▶ **Data to use**:
= = = =

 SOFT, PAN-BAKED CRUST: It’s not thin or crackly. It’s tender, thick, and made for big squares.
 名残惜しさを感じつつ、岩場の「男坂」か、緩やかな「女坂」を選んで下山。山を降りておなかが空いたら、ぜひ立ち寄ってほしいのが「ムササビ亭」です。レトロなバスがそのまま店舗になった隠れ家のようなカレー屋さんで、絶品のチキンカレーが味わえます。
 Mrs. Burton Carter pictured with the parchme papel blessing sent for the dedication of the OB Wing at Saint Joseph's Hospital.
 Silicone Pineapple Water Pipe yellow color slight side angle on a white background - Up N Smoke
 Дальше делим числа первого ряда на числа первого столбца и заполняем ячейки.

= = = =

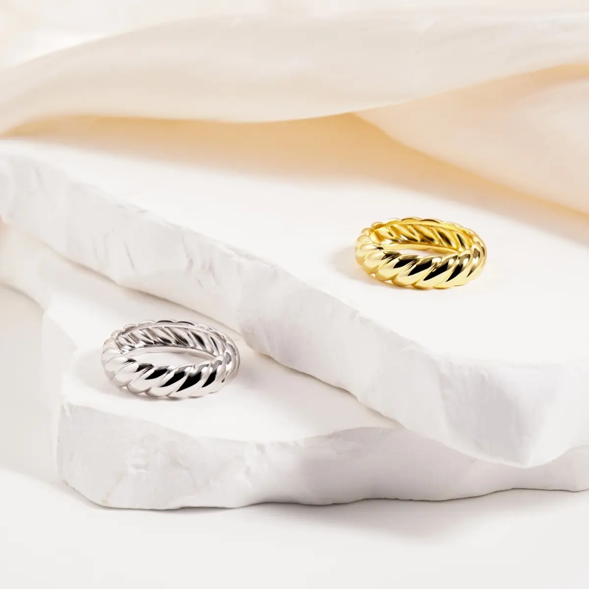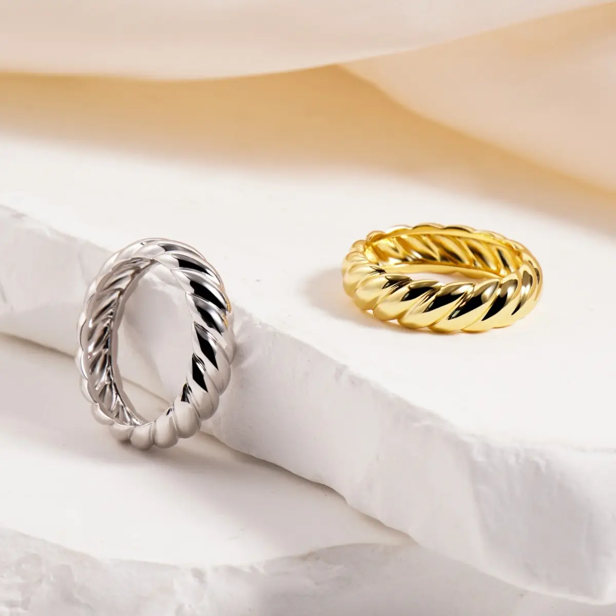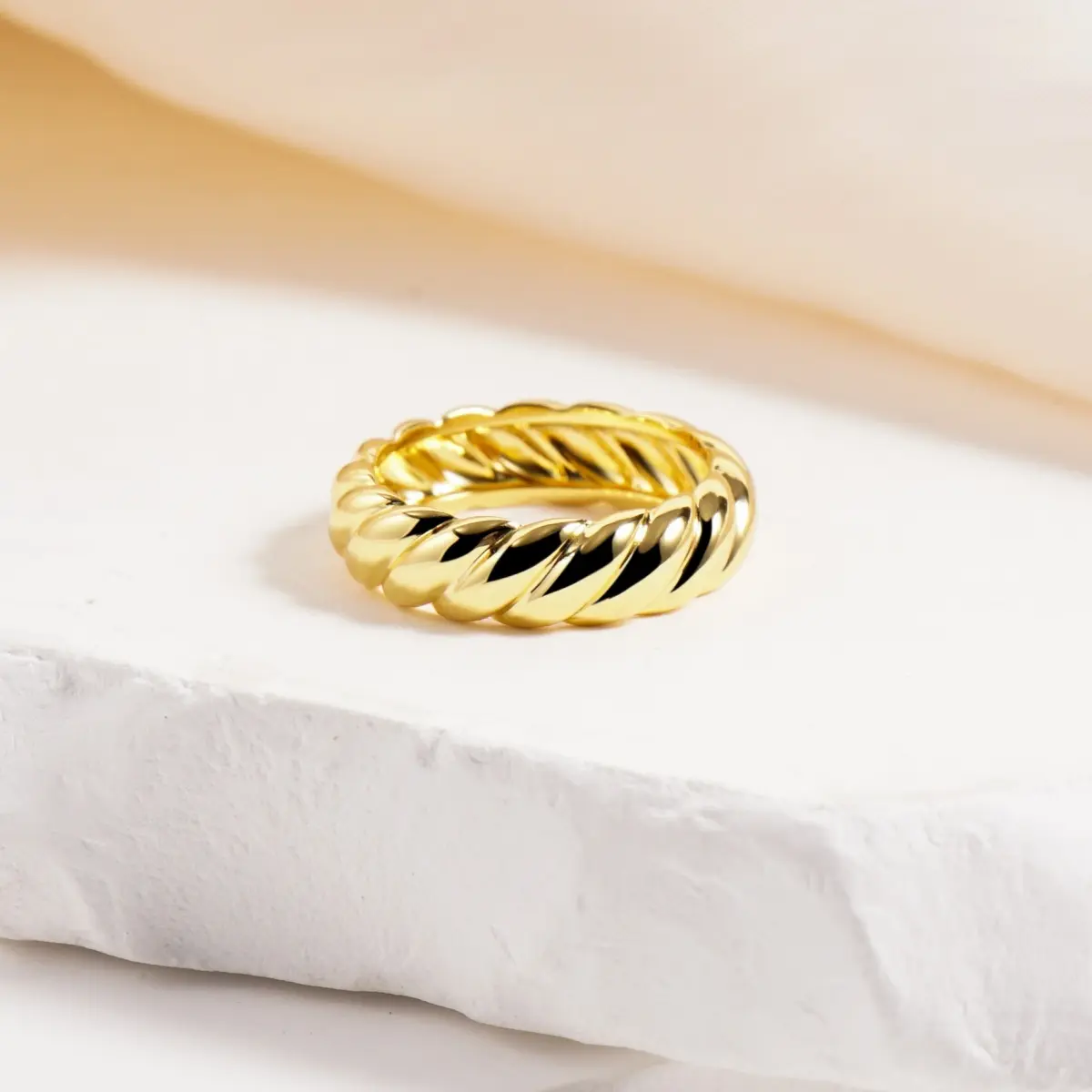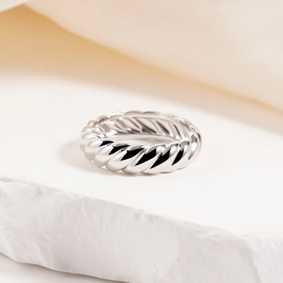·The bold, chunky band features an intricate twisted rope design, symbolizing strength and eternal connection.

= = = =

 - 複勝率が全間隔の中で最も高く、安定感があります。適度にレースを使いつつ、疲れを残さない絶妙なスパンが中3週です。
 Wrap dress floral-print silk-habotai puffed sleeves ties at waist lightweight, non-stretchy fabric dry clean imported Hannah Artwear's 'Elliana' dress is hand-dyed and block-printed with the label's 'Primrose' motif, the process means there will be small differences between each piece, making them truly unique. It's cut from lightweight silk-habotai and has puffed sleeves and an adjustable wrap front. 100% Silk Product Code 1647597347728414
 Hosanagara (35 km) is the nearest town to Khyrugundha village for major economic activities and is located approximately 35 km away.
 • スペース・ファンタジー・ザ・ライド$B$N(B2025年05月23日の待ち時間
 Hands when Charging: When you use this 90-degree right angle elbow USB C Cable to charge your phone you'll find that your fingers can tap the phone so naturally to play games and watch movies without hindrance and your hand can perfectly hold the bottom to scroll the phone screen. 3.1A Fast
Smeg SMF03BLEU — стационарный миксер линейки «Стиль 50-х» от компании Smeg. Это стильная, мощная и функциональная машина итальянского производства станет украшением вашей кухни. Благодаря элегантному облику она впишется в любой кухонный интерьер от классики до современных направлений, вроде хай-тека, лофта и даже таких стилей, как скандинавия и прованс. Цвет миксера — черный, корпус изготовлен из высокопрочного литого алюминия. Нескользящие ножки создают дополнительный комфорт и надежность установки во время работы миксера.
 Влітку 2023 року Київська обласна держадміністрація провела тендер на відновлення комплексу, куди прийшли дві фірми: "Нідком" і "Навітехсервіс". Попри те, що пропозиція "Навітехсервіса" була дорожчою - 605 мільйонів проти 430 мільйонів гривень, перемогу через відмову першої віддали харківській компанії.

= = = =

▶ **Exercise objective**: Transcribe each line of the data above, unaltered, from the one where "SOFT, PAN-BAKED CRUST: It’s" appears to the one where "Дальше делим числа" appears, inclusive of both.

▶ **Reply**:
 SOFT, PAN-BAKED CRUST: It’s not thin or crackly. It’s tender, thick, and made for big squares.
 名残惜しさを感じつつ、岩場の「男坂」か、緩やかな「女坂」を選んで下山。山を降りておなかが空いたら、ぜひ立ち寄ってほしいのが「ムササビ亭」です。レトロなバスがそのまま店舗になった隠れ家のようなカレー屋さんで、絶品のチキンカレーが味わえます。
 Mrs. Burton Carter pictured with the parchme papel blessing sent for the dedication of the OB Wing at Saint Joseph's Hospital.
 Silicone Pineapple Water Pipe yellow color slight side angle on a white background - Up N Smoke
 Дальше делим числа первого ряда на числа первого столбца и заполняем ячейки.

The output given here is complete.